会長の時間12
認知症、認知症薬について
日田ロータリークラブ会長 北郷太門
この数年、低迷している私の業界(薬品業界)で久々に、明るい話題がありました。
先日、厚労省により、新しいタイプの認知症薬レカネマブが承認されました。
日本で最初の認知症薬アリセプト(ドネペジル)は23年前に、エーザイ株式会社から発売され、一定の効果を評価され、優秀な販売成績を上げてきましたが、発売から10年経ち、価格の安いジェネリック医薬品が発売されて、最近はかなり低迷しています。
このアリセプトは、アセチルコリンと云う神経伝達物質の作用を高めて、認知機能を改善させる薬です。

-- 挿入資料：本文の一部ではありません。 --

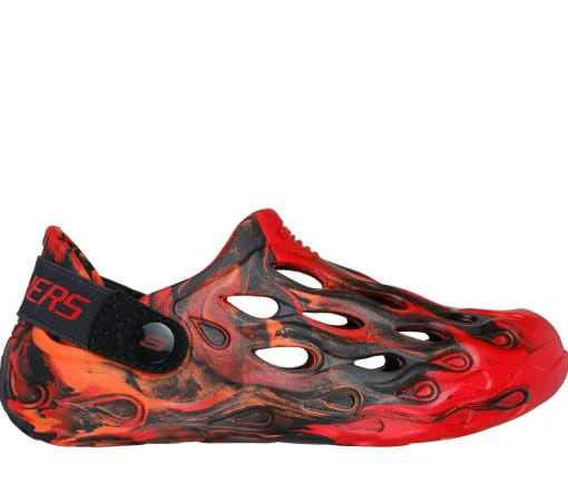 Fiery style combine with easy-wearing comfort in Skechers Foamies®: Thermo-Rush – Lavamorphic. This sculpted slip-on features a flexible perforated EVA upper in a flame themed design.
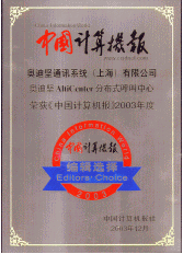 奧迪堅(jiān)基于IP分布式呼叫中心平臺(tái)榮獲中國(guó)計(jì)算機(jī)報(bào)2003年度編輯推薦獎(jiǎng)。《中國(guó)計(jì)算機(jī)報(bào)》(CIW-China
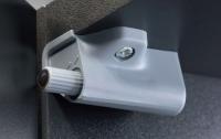 Крепится саморезом с той же стороны, где установлены петли (саморез в комплекте).
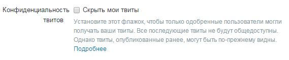 Однако защитить свои твиты могут и уже зарегистрированные пользователи. Для этого в веб-версии сервиса необходимо зайти в раздел «Безопасность и конфиденциальность» в «Настойках» и установить в соответствующем поле флажок «Скрыть мои твиты».
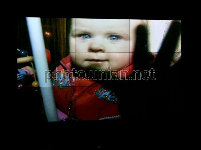 Маленький ребенок на экране во время встречи-ланча с представителями власти и большого бизнеса "Согрей любовью ребенка" в Киеве, во вторник, 11 декабря 2007 г. Цель акции – поиск путей сотрудничества в решении проблем многодетных семей. Президент Украины Виктор Ющенко призвал украинский бизнес и власть к участию в благотворительности в поддержку многодетных семей. Виктор Ющенко сообщил, что намеревается создать Национальный совет при Президенте Украины по вопросам благотворительности. В Украине насчитывается приблизительно 13,5 млн. семей, из них 396, 2 тыс. – многодетные. Фото Михаила Маркива / POOL / УНИАН
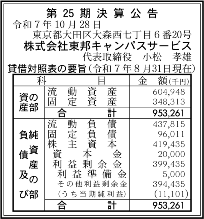 | 会社名 | 株式会社東邦キャンパスサービス |
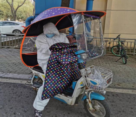 校内张艳丽老师和刘一狄老师作为志愿者为居民配送生活物资
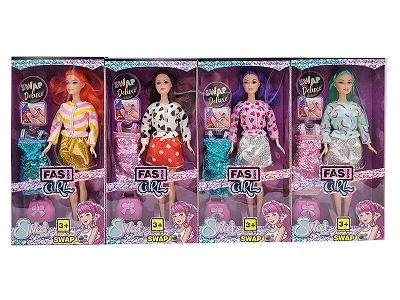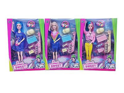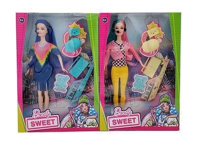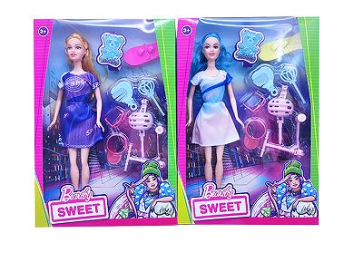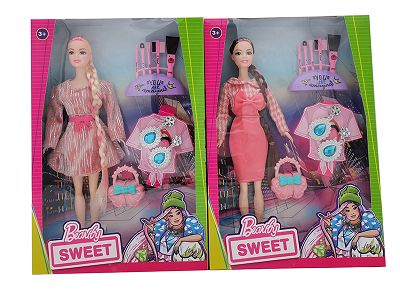 11.5寸实身 活手时装裙芭比带 耳环 包包 化妆品2款混装
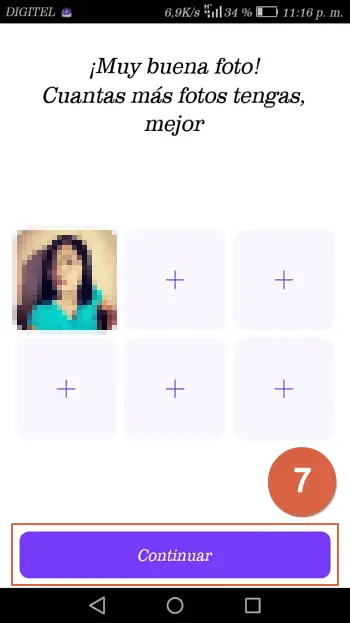 - Le site recommande un minimum de 6 photos pour se démarquer des autres et avoir une meilleure visibilité sur Badoo. Si vous n’avez pas une liste aussi complète de fichiers, ne vous inquiétez pas, appuyez simplement sur «Continuer».

今回承認されたレカネマブは、脳内のゴミと云われているアミロイドβタンパクを除去することで、脳内神経の劣化を防ぐ効果があります。これにより、7カ月程度、認知症の進行を遅らせるというデータが出ています。
しかし課題もいくつかあります。
レカネマブを服用するにあたり、アミロイドβの蓄積量をPET検査などで、調べる必要があります。この脳内PET検査ができる施設は、全国で50か所程度しかなく、費用が数十万円かかるようです。次に、薬代の問題があります。このレカネマブを1年間服用すると、約400万円の費用がかかります。アメリカでは94万円の自己負担とのことです。今のところ、日本での薬価は未定です。我が国には、高額療養費制度に上限があるので、一般的な高齢者の方で、15万円程度の自己負担となりそうです。
やはり肝心なのは、認知症にならないことです。予防について調べました。
認知症は、生活習慣病と密接につながっているようです。まず喫煙、飲酒を控え、食生活に関心を持ちましょう。

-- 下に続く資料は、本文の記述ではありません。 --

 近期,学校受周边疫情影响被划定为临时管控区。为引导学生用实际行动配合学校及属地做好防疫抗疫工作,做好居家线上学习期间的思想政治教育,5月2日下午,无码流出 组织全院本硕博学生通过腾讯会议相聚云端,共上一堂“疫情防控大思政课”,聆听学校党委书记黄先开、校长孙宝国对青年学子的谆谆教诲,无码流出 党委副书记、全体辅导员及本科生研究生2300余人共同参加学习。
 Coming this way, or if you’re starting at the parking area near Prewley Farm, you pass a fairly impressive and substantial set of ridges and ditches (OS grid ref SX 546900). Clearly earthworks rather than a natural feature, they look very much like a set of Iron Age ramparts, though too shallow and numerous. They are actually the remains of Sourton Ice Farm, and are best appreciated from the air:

具体的には、動脈硬化を防ぐことです。高血圧、脂質異常症、肥満症、糖尿病にならないよう、気をつけてください。すでに罹っている方は、お薬を飲んで、悪化しないよう注意が必要です。
また普段の生活では、軽い運動を続け、社会活動にも参加して、いろんな人と関りを持つことが良いようです。
(積極的に摂りたい食べ物)
青魚、緑黄色野菜、果実、コーヒー緑茶、オリーブオイル、大豆製品、赤ワイン
(避けたい食べ物)
肉の脂身、マーガリン、ショートニング、トランス脂肪酸 (悪玉コレステロールを増やす)
できるところから取り組んで、認知症を予防しましょう。